The output from OpenDroneMap produces 2 subfolders in the folder where your images are located. The folder name is reconstruction-with-image-size-[resize-to] by default, but you can specify other name with using the --job-dir-name argument.

The two folders are:

[job-dir-name] (eg.:reconstruction-with-image-size-2400) -- contains runtime and temporary files (resized images, logs, temp files, etc...)
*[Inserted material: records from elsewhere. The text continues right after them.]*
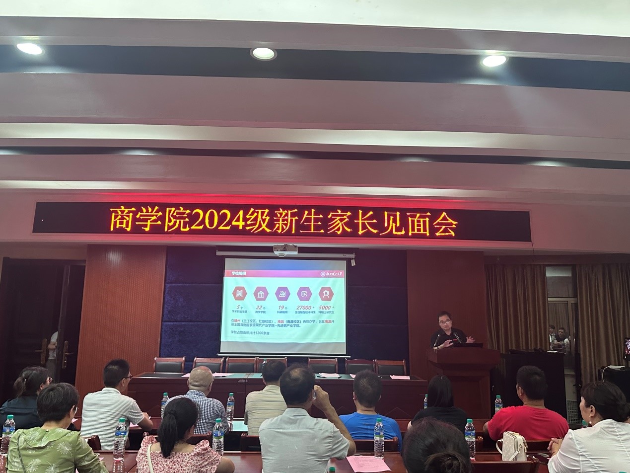 校党委常委、副校长黄志繁来到商学院,向学生和家长介绍了学校的发展历程和未来规划。他特别强调了学生安全的重要性,包括提高防诈骗意识和注意返校安全。黄志繁鼓励家长在孩子成年后适当放手,以促进孩子的独立性,并建议家长适应大学教育的新环境,共同支持孩子的成长。他强调,大学教育的目标是培养学生解决问题的能力,并希望家长在精神上给予孩子支持,帮助他们全面发展,实现个人目标。
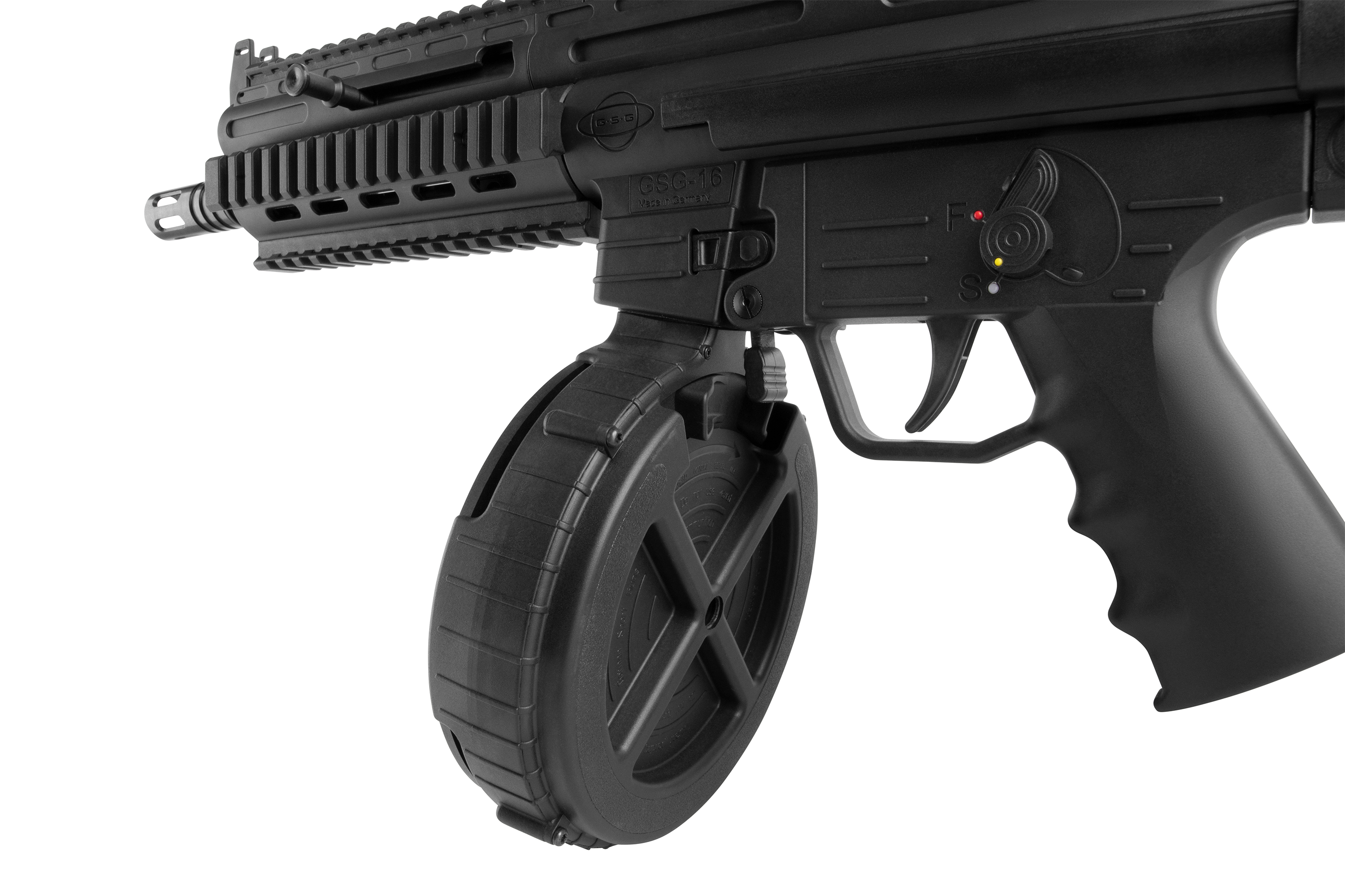 - Inkl. Red-Dot Visier, 110-Schuss Drummag, 22-Schuss Magazin
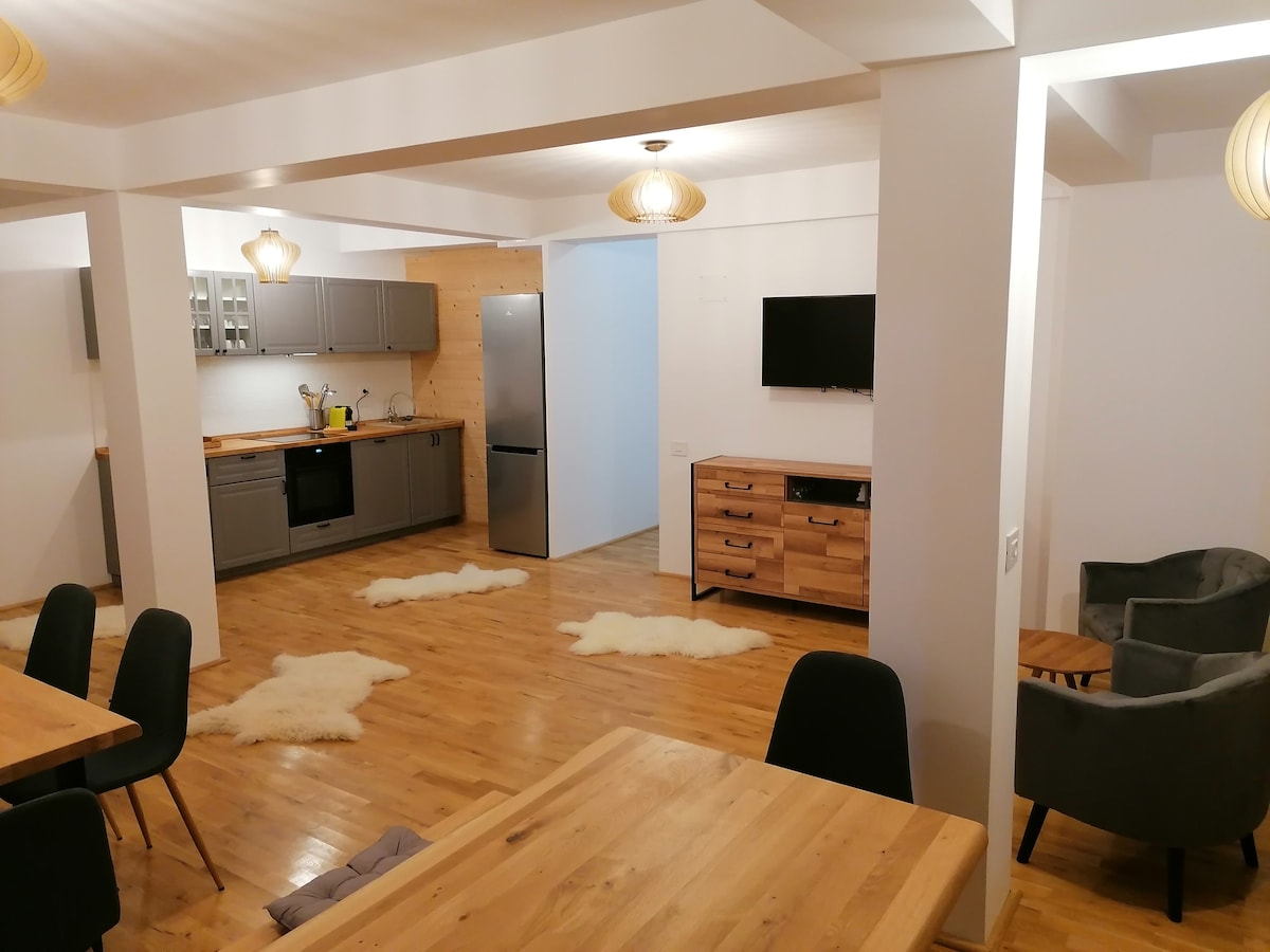 Au coeur des Carpates, dans l'une des meilleures stations de ski de Roumanie, notre loft apporte au voyageur un sentiment de chaleur et de paix. Il est à seulement 10 minutes du centre ville et de la gare, et à 15 minutes de la pente du ciel. Les planchers et plafonds en bois, habituels à l'architecture locale, donnent à l'appartement une sensation élevée, vous plongeant dans l'ambiance de la montagne.
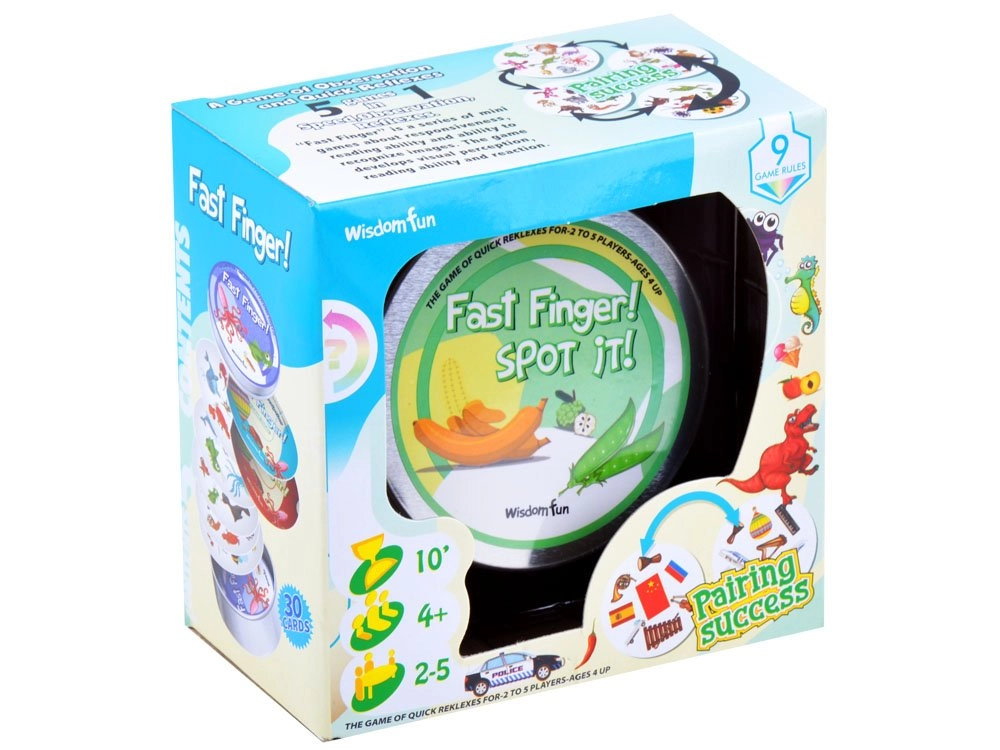 Atklājiet leģendāru ballīšu spēli, kurā izšķiroša ir ātrums un vērīga acs. Apaļās kartes ar augļiem un dārzeņiem vienmēr sakrīt tieši vienā simbolā – kurš to atrod un nosauc pirmais, iegūst pārsvaru. Pateicoties kompaktajiem izmēriem, spēli varat ņemt līdzi piknikā, vilcienā un atvaļinājumā.
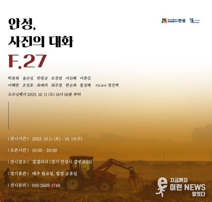 이런뉴스(e-runnews) 김삼성 기자 | 안성시 사진동아리 F.27 photo가 오는 10월 11일부터 15일까지 안성천 작은미술관 결갤러리에서 전시회 ‘안성, 사진의 대화 F.27’을 개최한다. 이번 전시는 동아리 회원 18명이 참여해 안성의 자연환경과 사람들의 이야기를 기록한 작품을 선보인다.
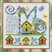 Pattern of the Month PM1703 February 2020 Home makes a Houses - Spring Home Banner M with birdhouses and f birds and flowers. Series 3 of 4
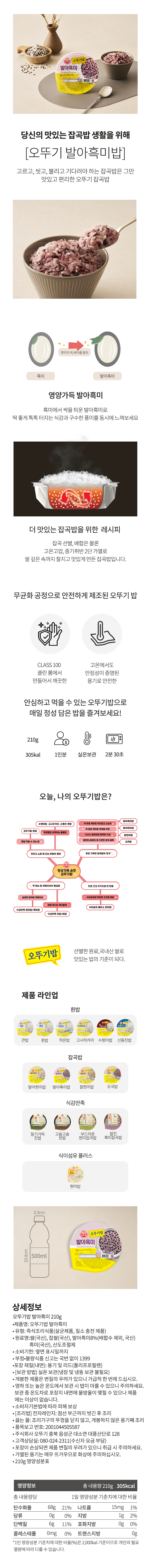 | 제품명 | 오뚜기밥 발아흑미 | 식품의 유형 | 컨텐츠 참조 |
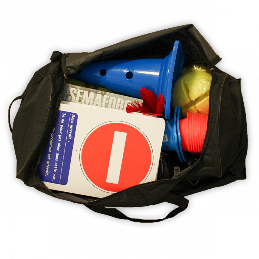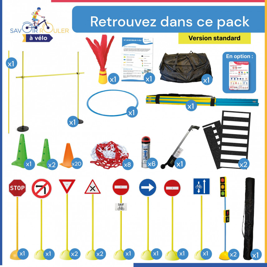 Das Kit Savoir Rouler à Vélo Bloc 2 wurde auf der Grundlage der pädagogischen Ressourcen des Sportministeriums entwickelt. Es enthält die wesentlichen Elemente für die Gestaltung eines Parcours mit Verkehrszeichen, Ampeln, Slalom-Hindernissen, einem Torbogen, einer Bremszone usw.

[job-dir-name]-results (eg.:reconstruction-with-image-size-2400-results) -- contains all the final product ( point cloud, fully textured meshes, orthophoto, etc..)

Meshing

option-0000.ply -- The point cloud file

odm_mesh-0000.ply -- The meshed surface

Texturing

odm_texturing/odm_textured_model.obj -- The textured surface mesh

You can access the point cloud and textured meshes using MeshLab. Open MeshLab, and choose File:Import Mesh and choose your textured mesh from a location similar to the following: reconstruction-with-image-size-1200-results\odm_texturing\odm_textured_model.obj

Georeferencing

odm_texturing/odm_textured_model_geo.obj -- The georeferenced and textured surface mesh

option-0000_georef.ply -- The georeferenced point cloud

odm_textured_model_geo_georef_system.txt -- This file contains the georeference system and coordinate shifting. The X and Y coordinates in the georeferenced mesh if shifted to have smaller values, resulting in smaller mesh files. If you need to work with the real coordinates, this file is useful.

pointcloud_georef.laz -- LAZ file

Orthophoto

odm_orthphoto.png -- The orthophoto, but this is a simple png, which don't have any georeferencing information

odm_orthphoto.tif -- GeoTIFF Orthophoto. You can use it in QGIS as a raster layer.